===== AVAILABLE DATA
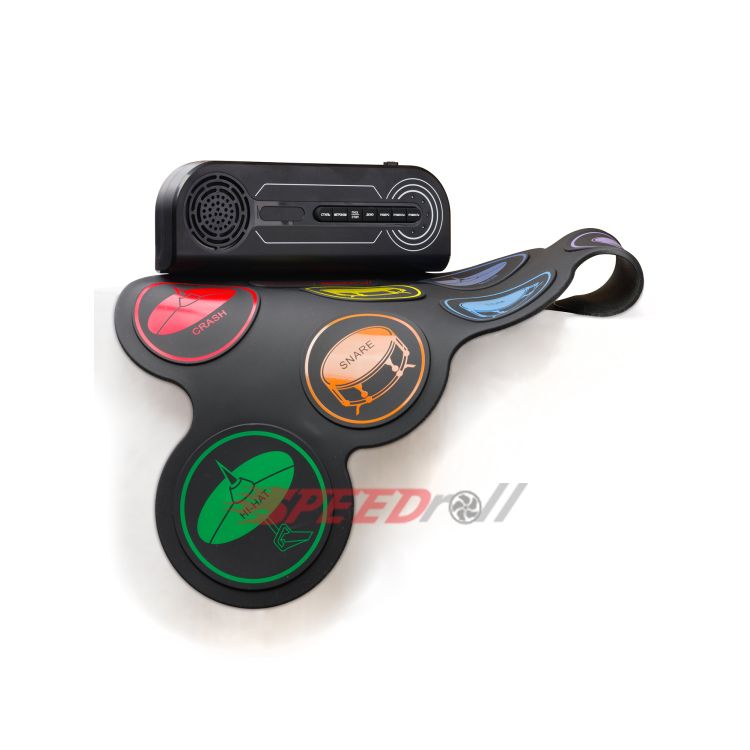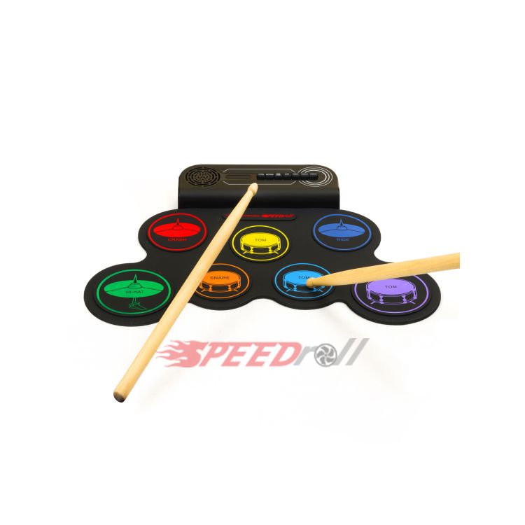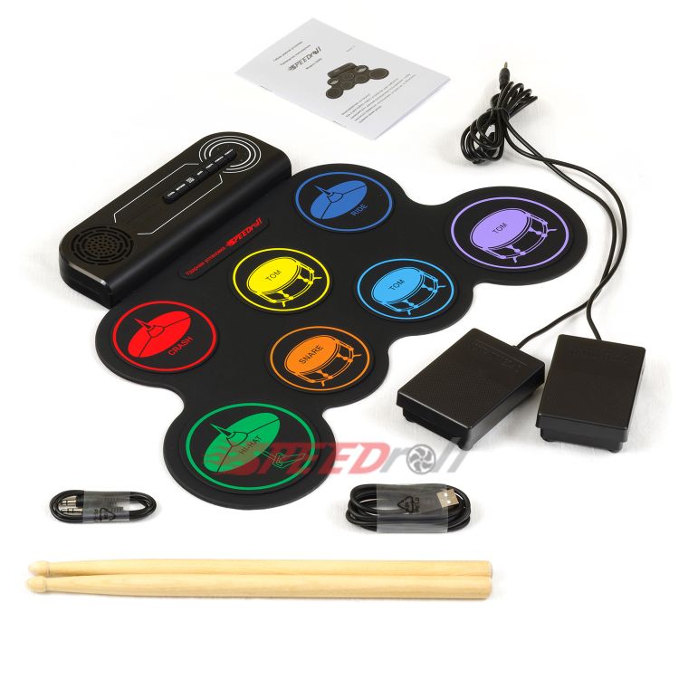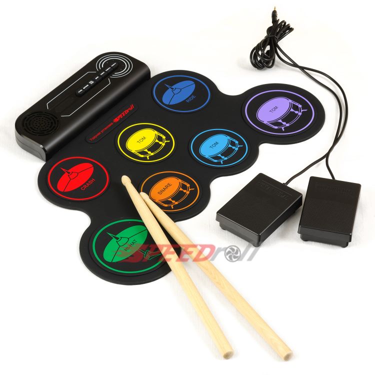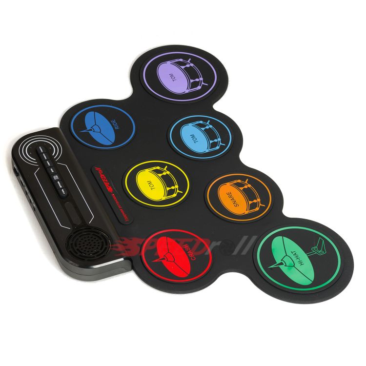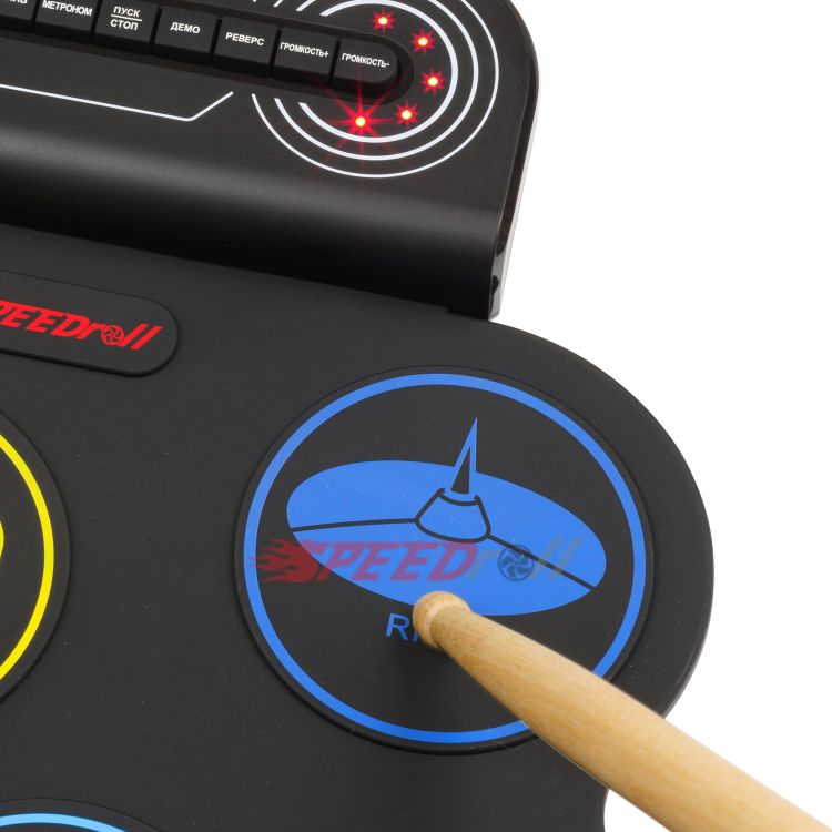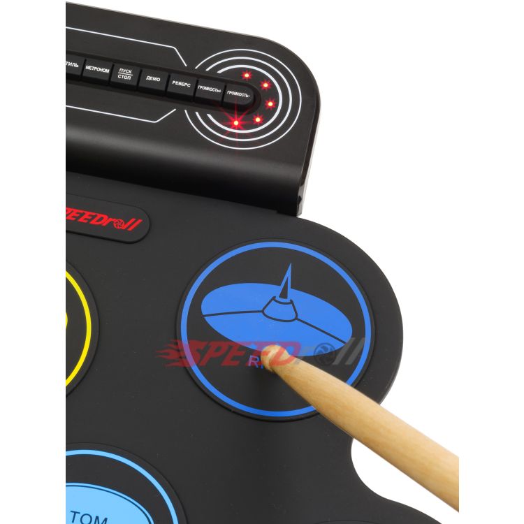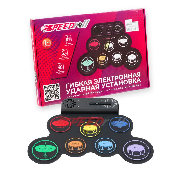 · Эффектная полноценная установка: 7 панелей с многоцветными тарелками (1 SNARE, 3 TOMS, 1 CRASH, 1 RIDE, 1 HI-HAT) и 2 педали (BASS DRUM, CLOSED HI-HAT).
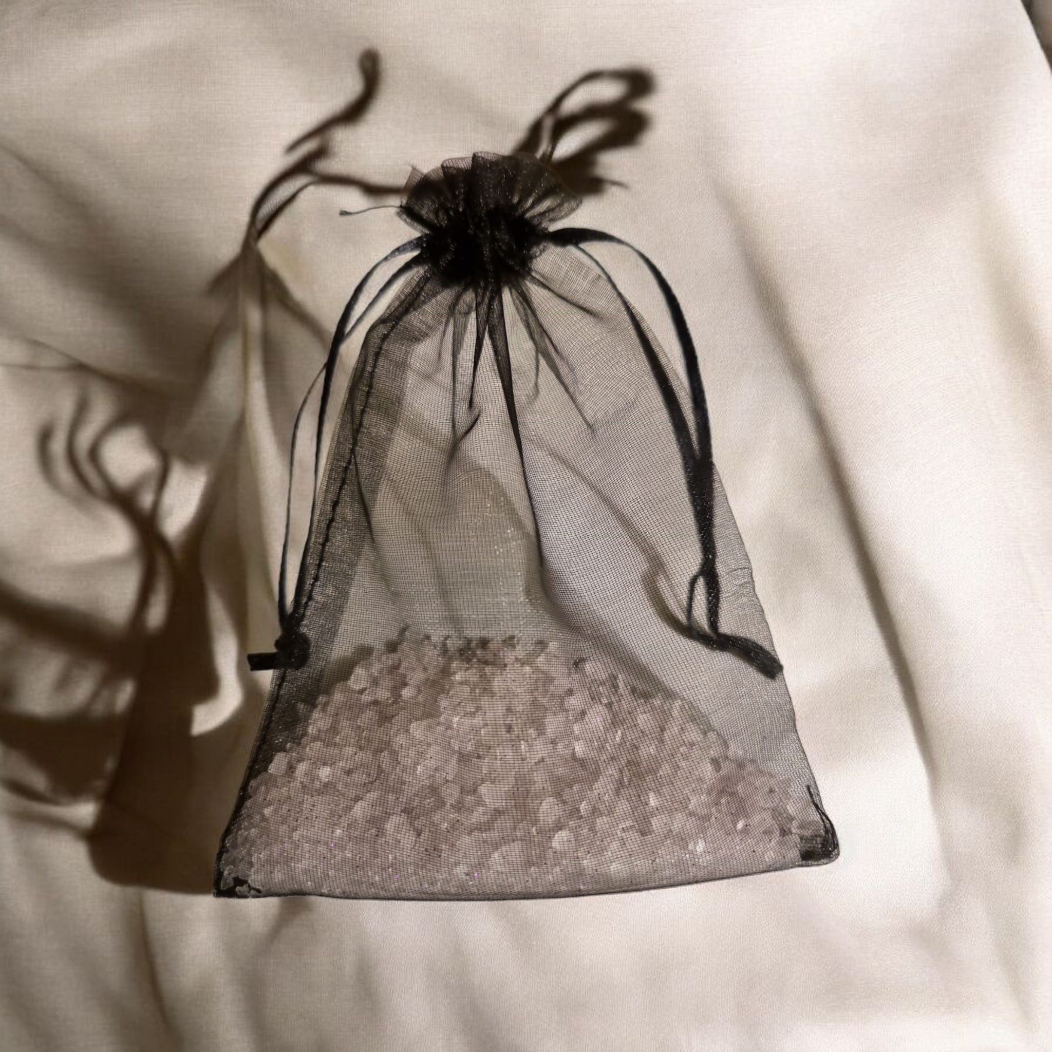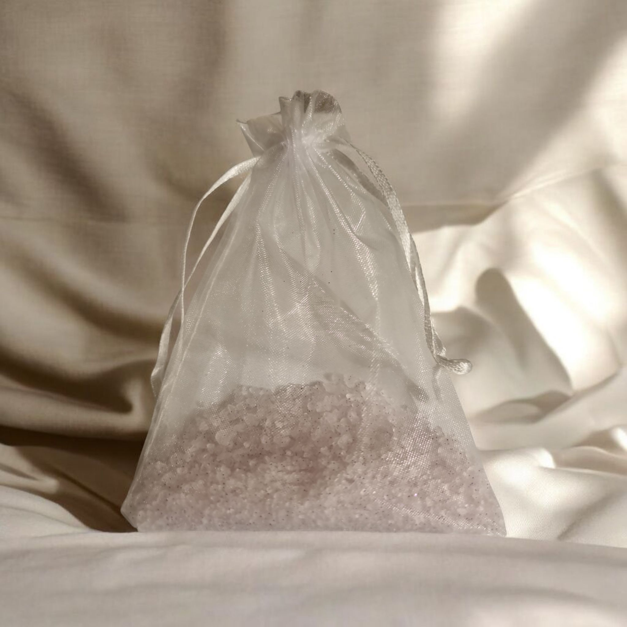 Beschrijving: Lichtpaarse geurkorrels verpakt in een elegant organza zakje. Perfect voor gebruik in de kast, het toilet, de auto of in huis.
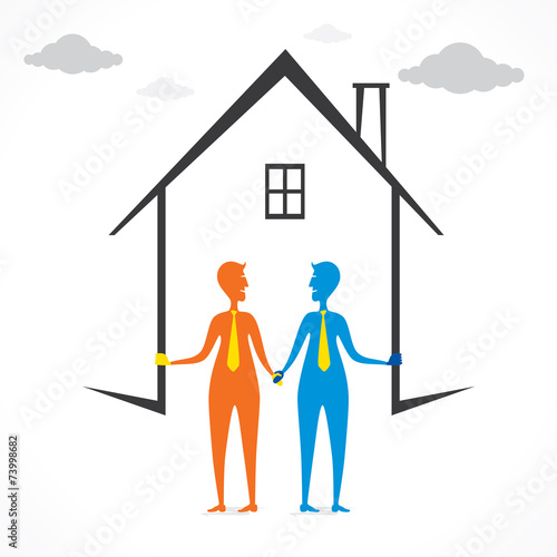 House building with business people silhouettes. Broker, realtor and customer handshake, vector illustration in paper art style. Business partners shaking hands. Real estate negotiations, good deal.
==========
GOAL OF THE EXERCISE = Give again, word for word, the lines above from the first one through the one containing "Beschrijving: Lichtpaarse geurkorrels"; no pictures.

YOUR RESPONSE =
 · Эффектная полноценная установка: 7 панелей с многоцветными тарелками (1 SNARE, 3 TOMS, 1 CRASH, 1 RIDE, 1 HI-HAT) и 2 педали (BASS DRUM, CLOSED HI-HAT).
 Beschrijving: Lichtpaarse geurkorrels verpakt in een elegant organza zakje. Perfect voor gebruik in de kast, het toilet, de auto of in huis.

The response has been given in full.